目睹他的备战姿态并非抽出挂在腰际的长剑,而是单纯向前伸直右手,这个动作让艾因斯立刻推测长发男子是魔法师,火速提高了警觉。同时也根据方才的『兄长』一词而考虑到另一人亦为魔法师的可能性,于是为了扭转以寡敌众的局面而连忙环视周遭,寻找其他同行的近卫兵。
这一看才发现在不远的前方正爆发一场一面倒的战斗,让他的脸色顿时为之一沉。因为刚刚在前方替他们开路的八名近卫兵,如今却在他的视线前方遭到数倍以上的武装士兵团团包围,毫无招架之力地惨遭虐杀。
目睹这幅光景的瞬间,艾因斯立刻下定决心挺身挡在艾莉洁面前,同时反手握住挂在腰间的长剑。
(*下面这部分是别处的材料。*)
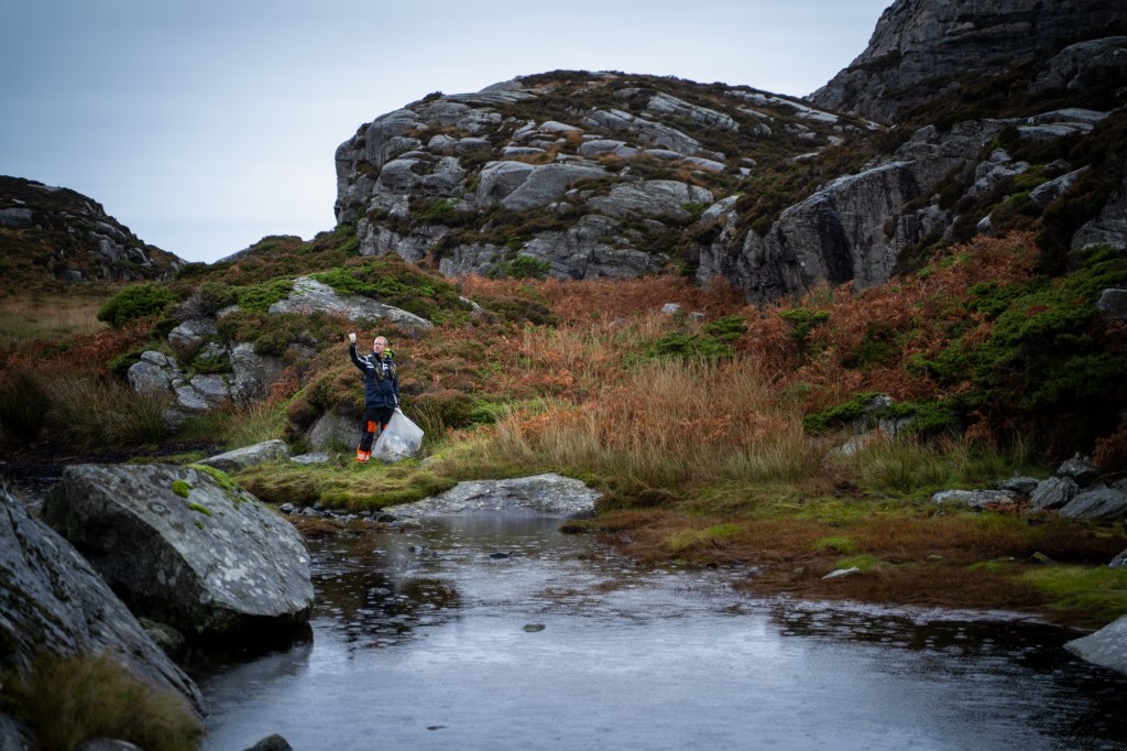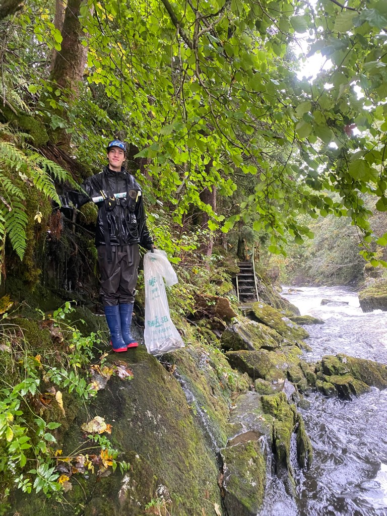 Our first objective was the clean the 7km Arna River. I felt prepared with my welly boots, rain gear, and inflatable life preserver. Unfortunately, I only stayed dry a matter of minutes as my first step in the river was thigh deep and cold water filled my boots. We split up into two groups and moved slowly. The water was deep and the banks were thick with vegetation which made retrieving each piece of trash a serious endeavor. We cleaned 1.5 kilometers in almost six hours. The work was new to us and we began to build strategies. We left piles of our collected trash (called depots) on the side of the road to be picked up at a later time. We were quite surprised when we heard Florian say on the walkie talkies “Hi Kaja! I found a gun.” Fortunately it was only a toy and we didn’t need to notify the police, though it looked quite real. By day two, we were already significantly more efficient and were able to power through to the end of the Arna River. Tyra and I took the west bank and were surprised by a series of boardwalks along the river’s edge. We walked along suspended above raging waterfalls without seeing a piece of trash for some time. The boardwalks were made for fly fishing and helped us immensely.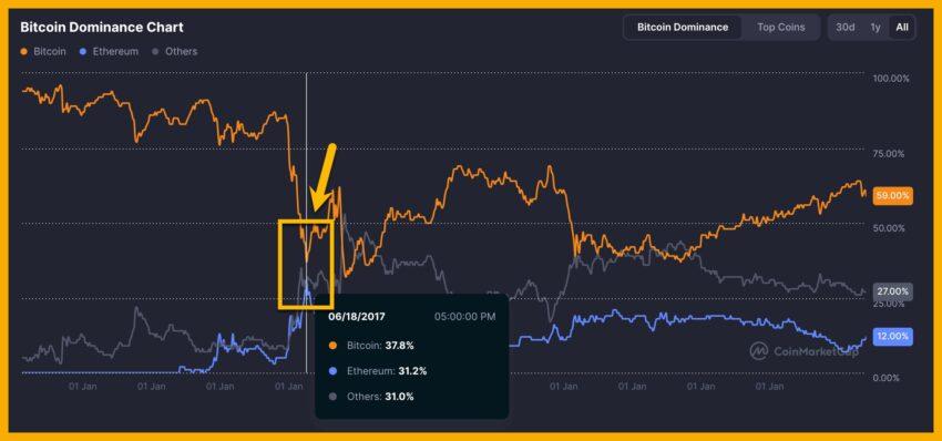 A popular post recalls a moment when ETH nearly matched Bitcoin’s dominance:

另一方面,受到他保护的艾莉洁则开口向艾因斯表达歉意:
「艾因斯……真对不起,都是因为我无法自由行动的缘故……」
艾莉洁对在这种关键时刻却失去行动能力的自己感到可耻,不过听见这句道歉的艾因斯却反而如同安抚她似地笑着回应道:
「艾莉洁殿下,这您就错啰!在这种时候,只要您能说声『一切交给你』,对我来说就十分足够了。」
对艾莉洁如此说完之后,艾因斯立刻收敛神情,迈开步伐走向眼前的两名男子。
「已经有所觉悟了吗?那就纳命来吧,火焰术!」
被称作兄长的长发男子咏唱一道咒文。
瞬间,从他探向前方的右手窜出一团炽盛烈焰,而这团火焰则对准艾因斯一鼓作气疾射而出。
透过自己与长发男子之间的位置关系,理解到艾莉洁并不在朝自己直扑而来的火焰行进轨道上后,艾因斯随即往旁边挪步避开攻势。等到闪过火焰,就这么为了缩短双方间距而提脚猛蹴大地向前冲。
两人的间距瞬间缩短。
艾因斯转眼之间欺近剑刃可及的攻击范围内,对准那只为了施放魔法而探向前方的手臂,挥剑祭出一记由左下往上挑砍的斩击。
「啧!」
刚刚才施展完火焰魔法的魔法师,对这记速度比预料还快的剑击发出咂舌声,纵身往后大大地跳开闪避。
另一方面,艾因斯虽试图更进一步缩短间距,但旁边却有另一记魔法呼啸而至,企图妨碍他的行动。
「疾风术!」
人在一旁的短发男子咏唱咒文,只见他眼前的空间产生扭曲,一阵强风凭空而生。下一秒钟,这阵强风锁定艾因斯笔直疾袭而来。
「……火焰术及疾风术吗?我记得这些都是帝国式魔法对吧?原来如此,我看穿两位的真面目喔!」
艾因斯停下脚步避开这阵疾风,大大地深呼吸一口气之后,对着两名敌营魔法师如此放话。
「……哼。无论我们是什么人,都跟即将命丧此地的你毫无关系,火焰术!」
目光锐利地直瞪艾因斯的长发男子,重新运用右手构筑火焰魔法的术式,并立刻击发出去。
艾因斯虽再次试图借由使劲往旁跳开的方式来闪避火焰魔法,不料风系魔法师竟如同与兄长有心电感应一般,算准相同时机创造出第二道疾风。于是,即便像艾因斯这样的高手也无法完全闪过这记风系魔法,就这么被疾风直接轰中,重重地撞上后方的大树。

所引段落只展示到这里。